Adaptive Feature Learning for Unbiased Scene Graph Generation

IEEE Trans Image Process. 2024:33:2252-2265. doi: 10.1109/TIP.2024.3374644. Epub 2024 Mar 25.

Abstract

Scene Graph Generation (SGG) aims to detect all objects and identify their pairwise relationships in the scene. Recently, tremendous progress has been made in exploring better context relationship representations. Previous work mainly focuses on contextual information aggregation and uses de-biasing strategies on samples to eliminate the preference for head predicates. However, there remain challenges caused by indeterminate feature training.

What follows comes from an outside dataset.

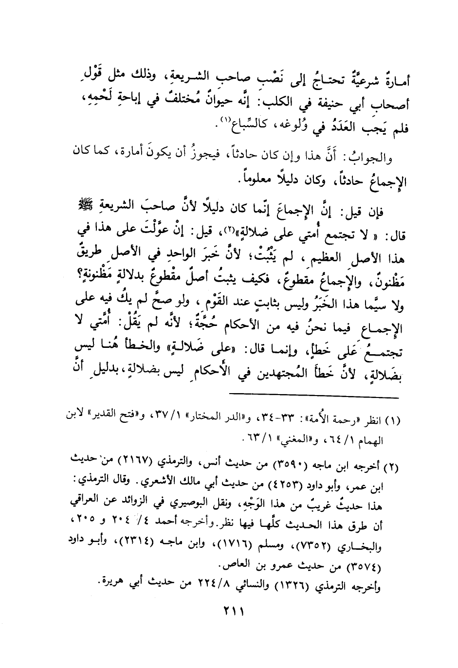 فإن قيل: إن الإجماعَ إنما كان دليلًا لأن صاحبَ الشريعةِ - صلى الله عليه وسلم - قال: "لا تجتمع أمتي على ضلالةٍ" (٢)، قيل: إنْ عولْتَ على هذا في هذا الأصلِ العظيمِ، لم يَثْبُتْ؛ لأن خَبرَ الواحدِ في الأصلِ طريقٌ مَظْنونٌ، والإجماعُ مقطوعٌ، فكيف يثبتُ أصلٌ مقْطوعٌ بدلالةٍ مَظْنونةٍ؟ ولا سيَّما هذا الخَبَرُ وليس بثابتٍ عند القَوْم، ولو صح لم يكُ فيه على الإِجماعِ فيما نحنُ فيه من الأحكام حُجة؛ لأنه لم يَقُلْ: أمتي لا تجتمعُ عَلى خَطأ، وإنما قال: "على ضَلالةٍ" والخطأ هُنا ليس بضَلالةٍ، لأن خَطاَ المُجتهدين في الأحكامِ ليس بضلالةٍ، بدليلِ أن

Overlooking the label confusion problem in feature training easily results in a messy feature distribution among the confused categories, thereby affecting the prediction of predicates. To alleviate the aforementioned problem, in this paper, we focus on enhancing predicate representation learning. Firstly, we propose a novel Adaptive Message Passing (AMP) network to dynamically conduct information propagation among neighbors. AMP provides discriminating representations for neighbor nodes under the view of de-noising and adaptive aggregation. Furthermore, we construct a feature-assisted training paradigm alongside the predicate classification branch, guiding predicate feature learning to the corresponding feature space. Moreover, to alleviate biased prediction caused by the long-tailed class distribution and the interference of confused labels, we design a Bi-level Curriculum learning scheme (BiC). The BiC separately considers the training from the feature learning and de-biasing levels, preserving discriminating representations of different predicates while resisting biased predictions. Results on multiple SGG datasets show that our proposed method AMP-BiC has superior comprehensive performance, demonstrating its effectiveness.